Poorly lit, with low ceilings and cracks in the front-door glass, the Bay of Pigs Museum is two shabby rooms of newspaper clippings, grainy black-and-white photographs and charts tracking troop movements.
There are pictures of Castro directing the battle in rarely seen, unusually unflattering black-rimmed glasses. In one especially gut-wrenching shot, militia member Eduardo Garcia Delgado wrote “Fidel” on a wall in his own blood before dying. He is slumped face down, his hand still resting against the “L” he scrawled.
Weapons captured during the fighting abound.
The museum had about 59,000 visitors last year. Americans used to come in droves, but their numbers have plummeted since Washington tightened restrictions on U.S. educational travel to Cuba in 2004. Schoolchildren from all over the island visit on field trips.
“For us it’s transcendental,” Sierra said. “All Cubans carry a little bit of Giron with us.”
Sierra said 8,000 civilian militia members fought for hours before military reinforcements arrived. Today, the island’s Territorial Troop Militia has more than 1 million men and women volunteers under orders to drop everything and grab a gun if a foreign army ever invades.

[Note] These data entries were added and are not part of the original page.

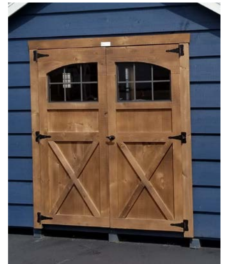
6-LITE ARCH PINE DOORS
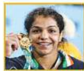
SAKSHI MALIK GOLD IN WRESTLING

Among the other states of the country, Haryana gives the maximum cash prize money to medal-winning players. A Haryana State Development Fund has been formed to provide cash prizes and other facilities to the medal-winning players in the state. Cash prizes worth more than Rs 335 crore have been provided to sportspersons. In the Olympic Games, a cash prize of Rs 6 crore was awarded to the gold medalists, Rs 4 crore for the silver medalist and Rs 2.5 crore for the bronze medalist. Haryana is the first state in the country, which has made arrangements to give an advance amount of Rs 5 lakh to the player for preparation as soon as they qualify for the Olympic and Paralympic Games. Medal winners in Paralympics and Olympic, Asian and Provision Games have also been given cash prizes. The cash award for sportspersons with disabilities is at par with able-bodied sportspersons. A new policy has also been implemented for the mountaineers of the state who climb the world's 10 highest mountain peaks. The climbers will be given a cash prize of Rs 5 lakh and a Grade-C certificate in the sports category.
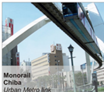
Monorail Chiba Urban Metro link
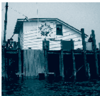
Maine's working waterfront

From island fishing villages to bustling urban seaports, the loss of working waterfront is felt throughout entire communities where fishing is a major contributor to the economy. The cause of this decline is influenced by multiple factors, including dwindling fish stocks (real or perceived), restrictions and regulations, high fuel prices, and global competition. Communities that wish to maintain their culture and values are faced with difficult choices when increasing property values could displace longtime residents and family businesses. As prices and taxes soar in developed areas, people look further afield and move to previously overlooked areas where real estate is still relatively affordable. In this sense, coastal fishing communities are facing similar challenges as traditional working landscapes everywhere, such as the rangelands of the western U.S., the family farm, and logging towns on the fringe of our nation's forestlands.
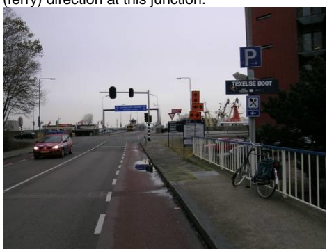
3 Immediately after having crossed the bridge turn left at the junction with traffic lights.
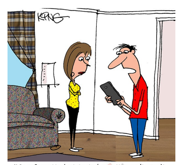
"Our Corvette just texted me. It says it won't drive us anywhere until I give it a bath. I didn't know it was such a clean freak."

Everything for the Newsletter should be submitted by the 17th of the month.
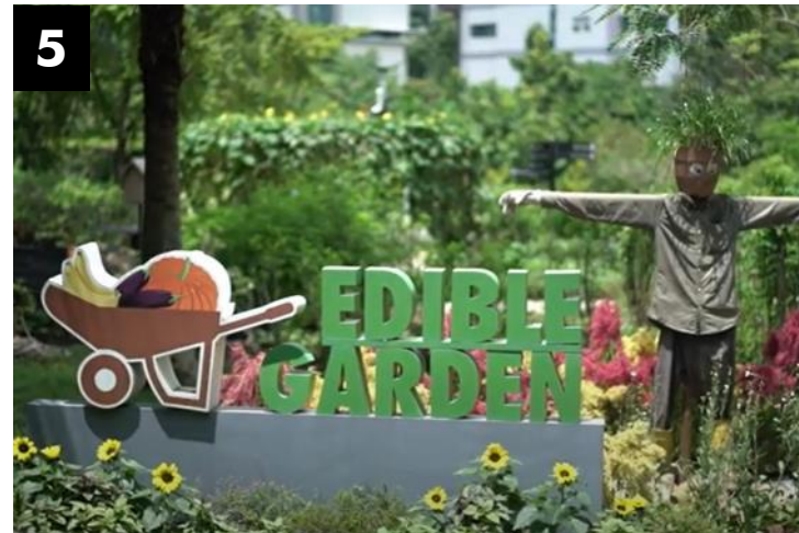
Garden focal point #1 – scarecrow
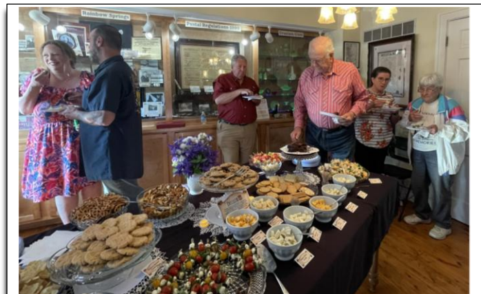
Native American Gallery reception guests enjoying the evening

Cabin project (damaged log replacement, electricity & new window installation); multiple private group tours including public and home school groups; presentations on new topics every open tour date. The presentations have become so popular that in order to resolve logistics issues with concurrent tours, presentations will now be held on the first and third Sundays, leaving tours on the second and fourth Sundays. Watch our website and →
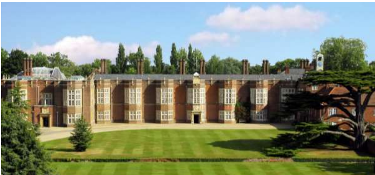
(Above: New Hall School, Chelmsford)

The vision and leadership provided by New Hall School supports the success of Messing Primary School. The opportunities provided through the Academy sponsorship are unique to Messing Primary School and provide an exciting and stimulating addition to life at our school.
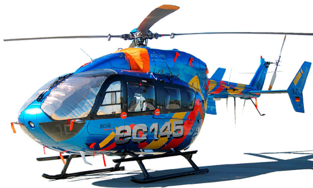
EC-145 Cabin Heatshield Set

Heatshields are interior sunshades for an aircraft's windows or canopy glass. The product is a unique composite of closed-cell foam with a silver mylar finish. The semi-rigid design is stiff enough to stand along the inside of the windshield using sun visors or window framing. It folds up flat and easily stores in the included storage sleeve. Some designs may require velcro and suction cups. A Heatshield is an excellent short-term remedy for cockpit overheating.
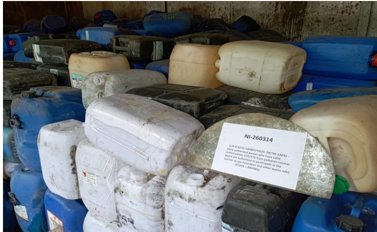
U/R PLASTIC CARBOUYIS (20- 50LTRS CAPA)
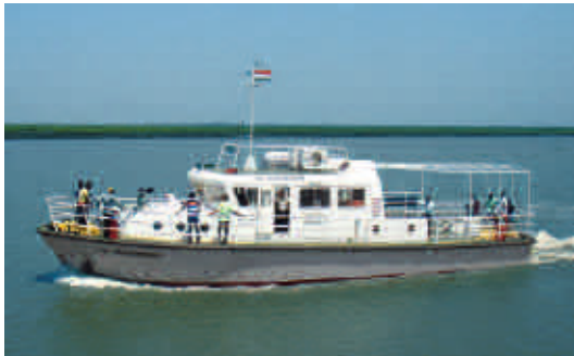
18 M Survey Launch
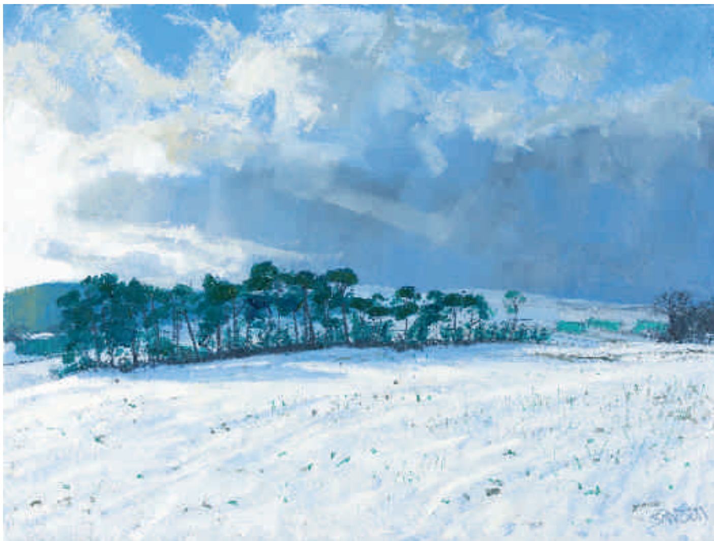
Line of Trees

oil on canvas / 60 x 80 cm / 24 x 31.5 in
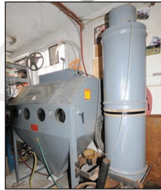
TRINCO 4876P shot blast cabinet
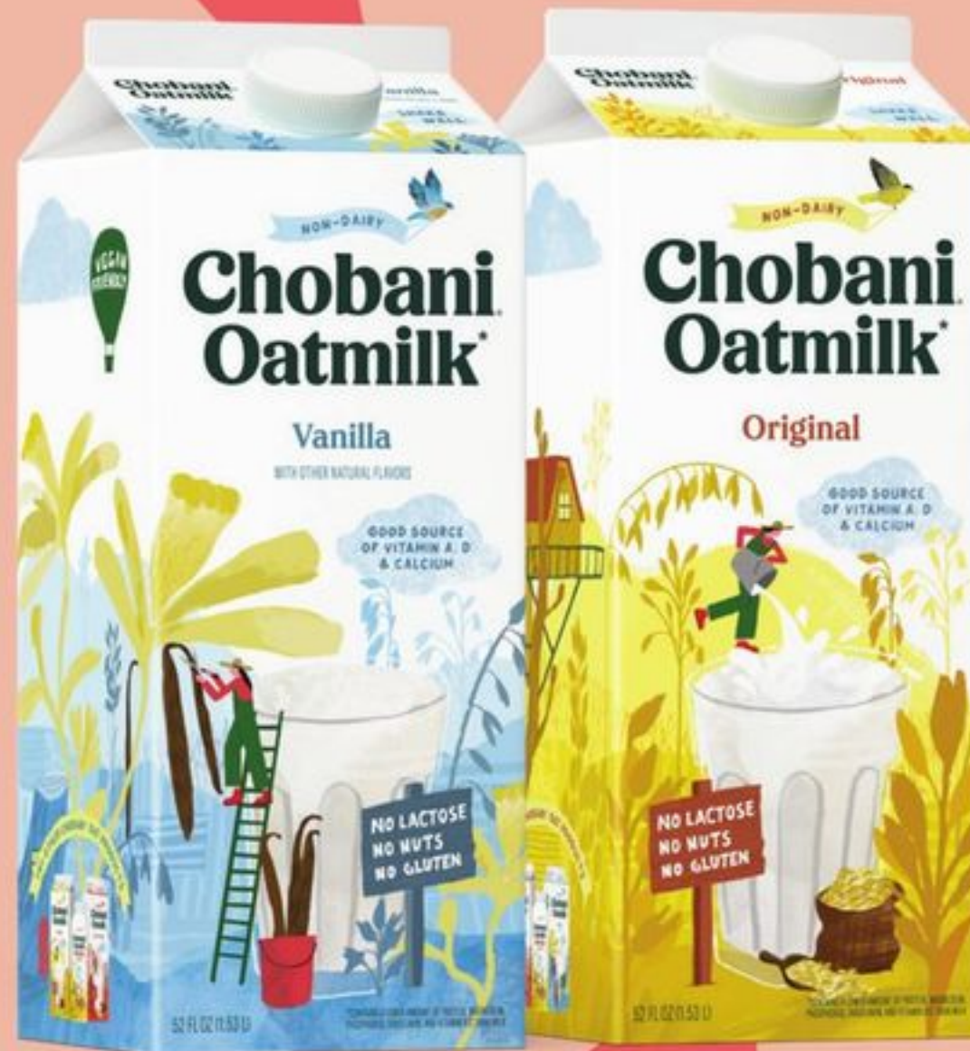
Chobani Oatmilk 52-oz. Selected varieties.

EXCLUSIVE DIGITAL COUPON 3 99 ea Member Price
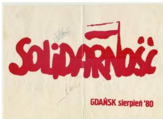
Solidarity logo (original print, 21 x 14.8 cm) 1980
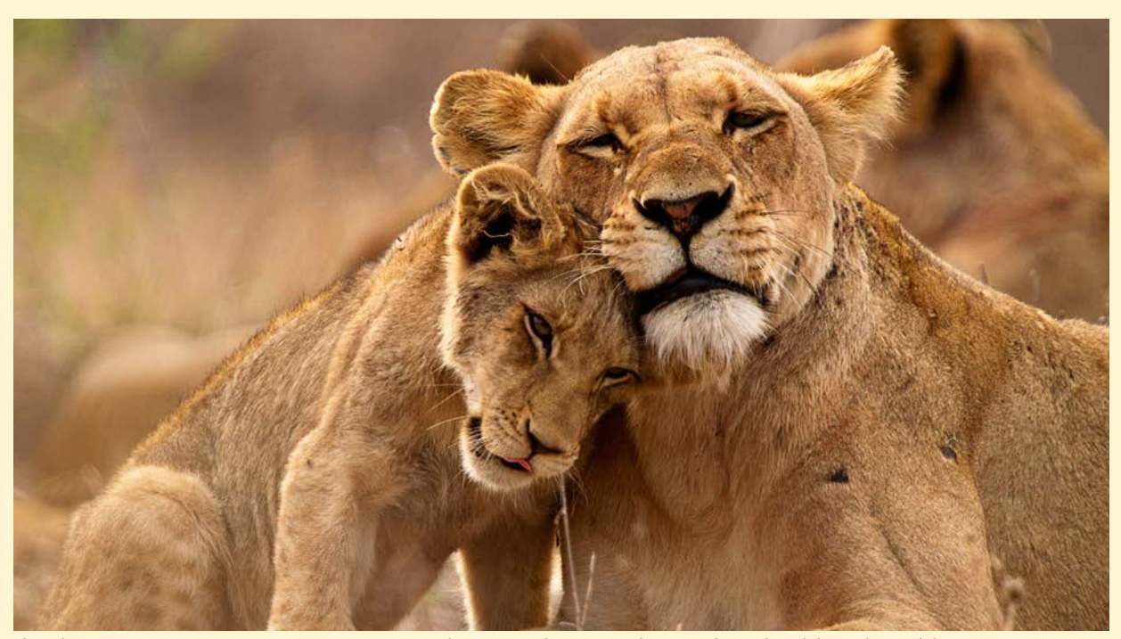
Thanks to our supporters, we are ensuring that more lions can live as they should: in the wild.

There’s a modest Bay of Pigs museum in Miami’s Little Havana neighborhood that displays the history of the invasion through the eyes of America’s Cuban exile community. Miami Dade County officials are studying a plan to build a $65 million, state-of-the-art downtown museum on the failed incursion and the Cuban-American experience, including a library, 300-seat theater and restaurant.